● **Aim of the exercise**
Go through the listing below, count the lines that contain "design", and state the number alone.

● **Data for this exercise**

------------------------

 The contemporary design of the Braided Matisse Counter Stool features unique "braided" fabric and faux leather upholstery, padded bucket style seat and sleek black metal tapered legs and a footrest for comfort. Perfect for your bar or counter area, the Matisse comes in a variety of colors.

------------------------

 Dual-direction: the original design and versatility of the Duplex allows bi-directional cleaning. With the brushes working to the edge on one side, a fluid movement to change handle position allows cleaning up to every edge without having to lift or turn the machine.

------------------------

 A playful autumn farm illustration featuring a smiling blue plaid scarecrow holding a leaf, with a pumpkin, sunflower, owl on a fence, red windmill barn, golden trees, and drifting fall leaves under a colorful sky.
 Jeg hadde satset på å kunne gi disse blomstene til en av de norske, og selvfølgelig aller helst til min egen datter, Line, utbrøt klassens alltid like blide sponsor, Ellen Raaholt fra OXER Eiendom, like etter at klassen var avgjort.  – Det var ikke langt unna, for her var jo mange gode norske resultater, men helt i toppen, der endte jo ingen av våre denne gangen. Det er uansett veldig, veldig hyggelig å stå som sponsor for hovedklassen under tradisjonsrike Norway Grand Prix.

------------------------

● **Written response**
2